[Linux-cluster] Any thoughts on losing mount?

isplist at logicore.net isplist at logicore.net
Tue Nov 27 18:04:15 UTC 2007


> The error message indicates resource group (RG) may get corrupted. Have
> you tried to do an fsck (or did it fixes anything) ?

Should this be while the partition is unmapped on any of the nodes?

# ./fsck /dev/mapper/VolGroup03-web
fsck 1.35 (28-Feb-2004)
e2fsck 1.35 (28-Feb-2004)
Couldn't find ext2 superblock, trying backup blocks...
fsck.ext2: Bad magic number in super-block while trying to open 
/dev/mapper/VolGroup03-web

I've also seen this in the log;

compdev kernel: GFS: Trying to join cluster "lock_dlm", "vgcomp:qm"
compdev kernel: GFS: fsid=vgcomp:qm.1: Joined cluster.
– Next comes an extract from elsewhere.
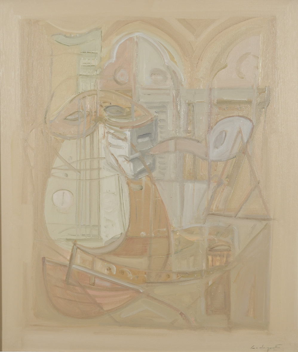 CODOGNOTTO RENZO Cesarolo (Ve) 1938 Composizione con maschere veneziane e strumenti musicali olio su tela 70x60 firma in basso a destra firma e titolo al retro

Now mounting FS...
compdev kernel: GFS: fsid=vgcomp:qm.1: jid=1: Trying to acquire journal 
lock...
compdev kernel: GFS: fsid=vgcomp:qm.1: jid=1: Looking at journal...
compdev kernel: GFS: fsid=vgcomp:qm.1: jid=1: Done
compdev kernel: GFS: fsid=vgcomp:web.3: fatal: filesystem consistency error
compdev kernel: GFS: fsid=vgcomp:web.3:   RG = 31104599
compdev kernel: GFS: fsid=vgcomp:web.3:   function = gfs_setbit
compdev kernel: GFS: fsid=vgcomp:web.3:   file = 
/home/xos/gen/updates-2007-11/xlrpm29472/rpm/BUILD/gfs-
kernel-2.6.9-72/up/src/gfs/bits.c, line = 71
compdev kernel: GFS: fsid=vgcomp:web.3:   time = 1196105648
compdev kernel: GFS: fsid=vgcomp:web.3: about to withdraw from the cluster
compdev kernel: GFS: fsid=vgcomp:web.3: waiting for outstanding I/O
compdev kernel: GFS: fsid=vgcomp:web.3: telling LM to withdraw
compdev kernel: lock_dlm: withdraw abandoned memory
compdev kernel: GFS: fsid=vgcomp:web.3: withdrawn

and;

compdev kernel: GFS: fsid=vgcomp:web.3: Scanning for log elements...
compdev kernel: GFS: fsid=vgcomp:web.3: Found 1 unlinked inodes
compdev kernel: GFS: fsid=vgcomp:web.3: Found quota changes for 0 IDs
compdev kernel: GFS: fsid=vgcomp:web.3: Done
compdev kernel: GFS: fsid=vgcomp:web.3: fatal: filesystem consistency error
compdev kernel: GFS: fsid=vgcomp:web.3:   RG = 31104599
compdev kernel: GFS: fsid=vgcomp:web.3:   function = gfs_setbit
compdev kernel: GFS: fsid=vgcomp:web.3:   file = 
/home/xos/gen/updates-2007-11/xlrpm29472/rpm/BUILD/gfs-
kernel-2.6.9-72/up/src/gfs/bits.c, line = 71

> Also do you remember any abnormal event (unclean shut-down, panic,
> power-lost, etc) *before* this issue pops out ?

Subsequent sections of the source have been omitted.